CS 760 Project Overview
We recommend that your project focus on a supervised learning task and
use a fairly large data set. The data set can be one that has already
been assembled (see some possible resources below) or one that your
team assembles specifically for the project.
The project will entail doing whatever
pre-processing is necessary to set up the learning task (constructing
features, etc.) and conducting a set of experiments to answer
well-defined questions such as:
- Which learning algorithms provide the best predictive accuracy on the task?
- Do more sophisticated learning methods provide better predictive accuracy than simple ones (e.g. is a deep network more accurate than a network with a single layer of hidden units, or a network with no hidden units)?
- How does predictive accuracy vary as a function of training-set size?
- Do ensembles lead to better accuracy?
- What types of features have the most predictive value?
- Etc.
You should not feel constrained by this list of questions; these are just some examples.
Each project team should consist of 4-5 students.
Project proposals are due on Friday, April 13
The project proposal should be no more than one page.
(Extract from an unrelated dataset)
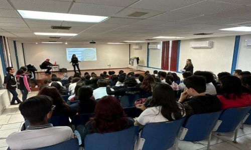 Hermosillo, Sonora; 22 de marzo de 2023.- Con temas de prevención de adicciones, protocolos de actuación ante casos de detección de drogas y atención a faltas administrativas, entre otros, el Gobierno de Sonora brinda atención integral a la comunidad escolar del Centro de Bachillerato Tecnológico Industrial y de Servicios (CBTIS) No. 132.
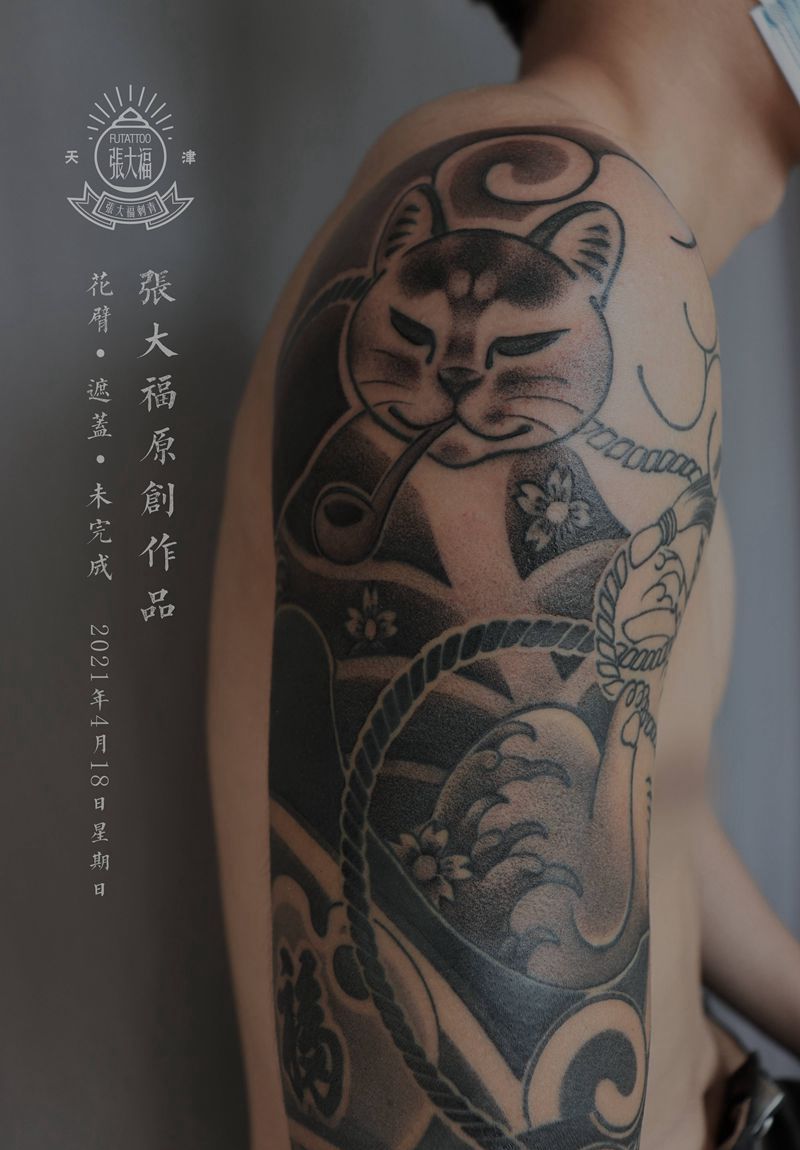原创 花臂 遮盖纹身图片_手臂老传统纹身猫原创遮盖纹身图案

It should cover the following items:
-
Who are the members of the team?
-
What is the task the project is addressing? What is the data set to be used?
-
What experiments will you run? What will you measure in your experiments? What methods will you use as baselines for comparison?
-
What will be the division of labor within the project? Who will do what?
-
What is your tentative schedule for major milestones in the project (data collection and formatting, experiment running, result analysis, etc.)?
Some Data Set Resources
Some Software Resources
Final project reports are due on Monday, May 7
- Your report should have a title, a one-paragraph abstract, titled
sections, and bibliographic references. It should formatted using
the Association
for the Advancement of Artificial Intelligence (AAAI) author
kit, and be no longer than 8 pages including references,
figures, and tables. The AAAI author kit provides templates for both LaTeX and Word.
-
Something important to keep in mind, no matter what you are writing,
is "who is my intended audience"? It's surprising how often even
professional researchers lose track of this. For your project report,
pretend that your audience is your fellow students in the class.
That is, you should assume that your readers have about the same general
background in machine learning that you do, but that they don't know
as much about the topic of your project as you do. Therefore, you should
describe your algorithms, data sets, etc. accordingly.
-
Your paper should probably have sections along the lines of:
-
Introduction: what you attempted to do, and what the motivation is.
-
Approach: what you did. If you developed your own approach, you
should describe your work in sufficient detail that someone else could
replicate your work. If you are using previously developed
algorithms, describe them briefly, and provide references to complete
descriptions. Don't describe your code organization or implementation
details. For the intended audience, you should assume that interested
readers could figure out how to implement the code as long as the
methods are described in sufficient detail.
- Empirical Evaluation: describe your experiments and results.
Describe your data sets in adequate detail. If you selected a subset
of a larger data set, how did you make this selection? Describe how
you chose settings for parameters of the algorithms? Clearly state
what are you trying to test/demonstrate in your experiments. Your
experiments should be motivated by one or more explicitly stated
hypotheses or questions.
-
Discussion: discuss your results. What are the lessons of your
experiments? What are the limitations of your approach? What would
you suggest for future work in this direction?
You don't have to strictly adhere to this format if you think it is
not the best organization for your particular project.
-
Every paper should have some figures or tables. All figures and
tables should have informative captions. If you include graphs, make
sure that the axes are labeled. Figures and tables should be
referenced and described in the text, not just dropped into the
document.
- Don't worry if
your experiments don't turn out as you predicted. That's how science
often goes. Data have a way of frequently humiliating hypotheses.
The important thing is how well you carried out the process. That is,
you will be graded on such things as (i) clearly defining your
objectives/ hypotheses, (ii) selecting appropriate experiments, (iii)
clearly reporting relevant results, and (iv) carefully discussing the
significance/lessons of your results.